The definition also would not catch New Zealanders recruited into the legitimate armed forces of their countries. Nor would it encompass those working overseas for companies or non-governmental organisations in security related activities, as long as those activities do not include fighting in a civil conflict.

These definitions reflect the international consensus on those who should clearly be regarded as "mercenaries". There are, however, calls for the definition to be extended to reflect current realities, including the increasing involvement of mercenaries in criminal activities, such as illicit trafficking, including arms and drugs, and even selective assassinations. Consideration to extend the scope of the Convention has been the subject of recent recommendations by the UN Special Rapporteur on Mercenaries. However, in this Bill the definition of a mercenary remains as currently prescribed in the Convention.

The Bill creates five new offences, each with maximum penalties of 14 years imprisonment.

The approach taken in the Bill is to model the new offences on similar existing offences where possible. For example, the offences relating to recruitment and financing are similar to those in the Terrorism Suppression Act 2002.

The Bill also creates two offences relating to the training of mercenaries as a precondition to, or after, recruitment.

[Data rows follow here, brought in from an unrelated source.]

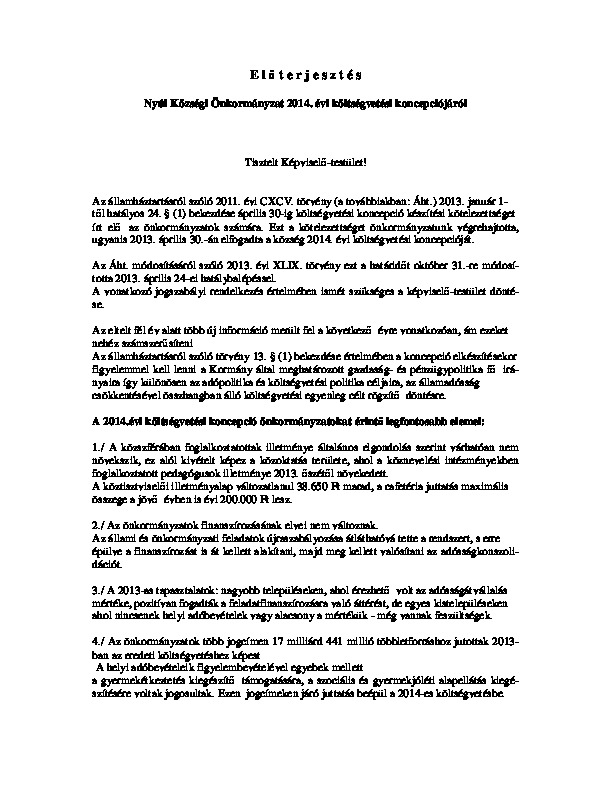 Költségvetési koncepció 2014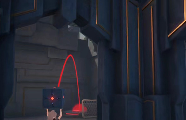 9、然后回去将刚才扔的方块机关举起扔到大厅右侧的机关上,最后房间的大门机会打开;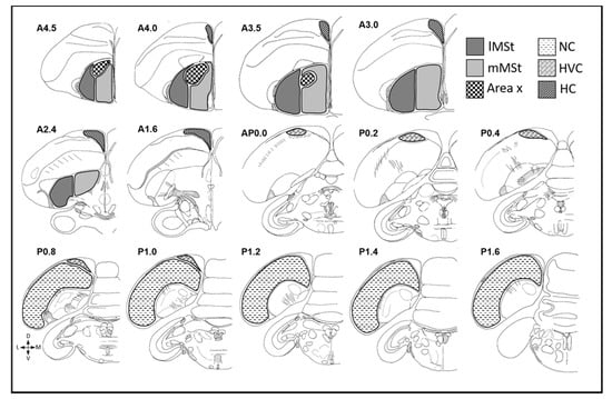 Mapping of new neuronal recruitment in several brain regions are shown. Illustrations of the mapped sections of medial striatum (MSt), nidopallium caudale (NC), hippocampus (HC), HVC and Area X are adapted with permission from Ref. []. Copyright 2021, Elsevier. Five sections of the lateral MSt (lMSt) and medial MSt (mMSt) (A4.5—A2.4), five sections of the NC (P0.8—P1.6), five sections of the HC (A4.0—A1.6), five sections of the HVC (AP0.0—P1.0) and three sections of Area X (A4.5—A3.5) are highlighted.

The Bill aims to catch those who intentionally train people to be mercenaries in order that they can sell their fighting skills to other countries for profit. It does not therefore cover those in the New Zealand armed forces who train our troops or who, as part of their duties, go overseas to assist with the training of armed forces in other countries. It also would not catch ex-New Zealand soldiers who assist with up-skilling the armed forces of a particular country.

What is caught, however, is the situation where those being trained are part of an "army for hire", prepared to go anywhere and fight in any war or overthrow any government for money.

Extraterritorial jurisdiction is taken in certain situations, for example, allowing prosecutions of New Zealand nationals or of others alleged to have committed a Convention offence who are found in New Zealand but for some reason are not extradited.

Other provisions include those relating to cooperation with other states in their criminal investigations and proceedings, and are similar to those in the Terrorism Suppression Act.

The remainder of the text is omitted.